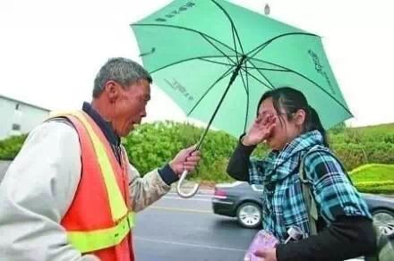02. 【 一位环卫工捡到一个女大学生的钱包,在雨中苦等2小时,终于等来了失主,女大学生赶到后,感动得直掉眼泪。见她还淋着雨,张国顺撑起雨伞上前为她遮 雨,而他自己却一直被雨淋着。这是在烟台市区月亮湾景区的公交车站点发生的很感人的一幕。祝福像这样的好心人,都能够一生平安】
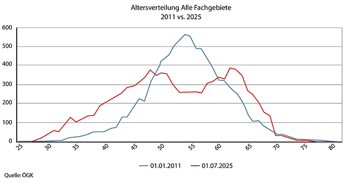 Im Alter von 45 bis 55 Jahren ist für viele Kassenärzt:innen Schluss mit der Arbeit im Kassen-Gesundheitssystem. Sie verlassen es und eröffnen eine Wahlarztordination, um in ihren späteren Jahren im Beruf dort statt in der Kassenordination oder im öffentlichen Spital Patient:innen zu versorgen. Das geht aus neuen Daten der Österreichischen Gesundheitskasse (ÖGK) hervor, die RELATUS MED und der Ärzte Krone exklusiv vorliegen. Die Daten zeigen auch, dass junge Ärzt:innen im Alter von 30 bis 35 Jahren heute entgegen der aktuellen Debatte sogar vermehrt in das Kassen-Gesundheitssystem gehen: Aktuell, 2025, sind dort doppelt bis dreimal so viele beschäftigt als 2011.
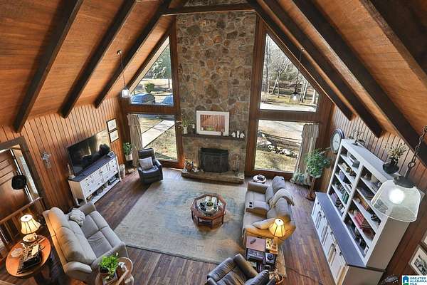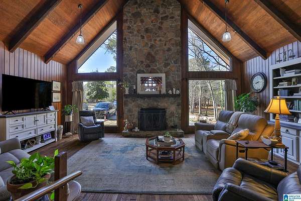 An extraordinary cedar estate set on 14+- breathtaking acres, complete with 2 serene ponds, a sparkling saltwater pool, and striking architectural character blended seamlessly with modern updates. Step inside to a formal dining room and a sunken living room anchored by a dramatic stacked-stone fireplace. Vaulted ceilings with exposed wooden beams and expansive floor-to-ceiling windows flood the home with natural light. Rich hardwood floors flow throughout the main level. The kitchen shines with new quartz countertops, while the main-level bathrooms have been fully remodeled with style and functionality. 2 spacious bedrooms share a charming Jack-and-Jill bath, and the oversized primary suite offers a spa-like retreat with generous space to unwind. A loft overlooking the living area provides ideal flex space. The daylight walk-out basement expands your living options with a den, full BA, kitchenette, and a large workshop. Recent upgrades: decks, windows, gutters, lighting, and more!

● ● ●

Problem details
Transcribe the listing exactly; omit all images.

Result for this exercise
02. 【 一位环卫工捡到一个女大学生的钱包,在雨中苦等2小时,终于等来了失主,女大学生赶到后,感动得直掉眼泪。见她还淋着雨,张国顺撑起雨伞上前为她遮 雨,而他自己却一直被雨淋着。这是在烟台市区月亮湾景区的公交车站点发生的很感人的一幕。祝福像这样的好心人,都能够一生平安】
 Im Alter von 45 bis 55 Jahren ist für viele Kassenärzt:innen Schluss mit der Arbeit im Kassen-Gesundheitssystem. Sie verlassen es und eröffnen eine Wahlarztordination, um in ihren späteren Jahren im Beruf dort statt in der Kassenordination oder im öffentlichen Spital Patient:innen zu versorgen. Das geht aus neuen Daten der Österreichischen Gesundheitskasse (ÖGK) hervor, die RELATUS MED und der Ärzte Krone exklusiv vorliegen. Die Daten zeigen auch, dass junge Ärzt:innen im Alter von 30 bis 35 Jahren heute entgegen der aktuellen Debatte sogar vermehrt in das Kassen-Gesundheitssystem gehen: Aktuell, 2025, sind dort doppelt bis dreimal so viele beschäftigt als 2011.
 An extraordinary cedar estate set on 14+- breathtaking acres, complete with 2 serene ponds, a sparkling saltwater pool, and striking architectural character blended seamlessly with modern updates. Step inside to a formal dining room and a sunken living room anchored by a dramatic stacked-stone fireplace. Vaulted ceilings with exposed wooden beams and expansive floor-to-ceiling windows flood the home with natural light. Rich hardwood floors flow throughout the main level. The kitchen shines with new quartz countertops, while the main-level bathrooms have been fully remodeled with style and functionality. 2 spacious bedrooms share a charming Jack-and-Jill bath, and the oversized primary suite offers a spa-like retreat with generous space to unwind. A loft overlooking the living area provides ideal flex space. The daylight walk-out basement expands your living options with a den, full BA, kitchenette, and a large workshop. Recent upgrades: decks, windows, gutters, lighting, and more!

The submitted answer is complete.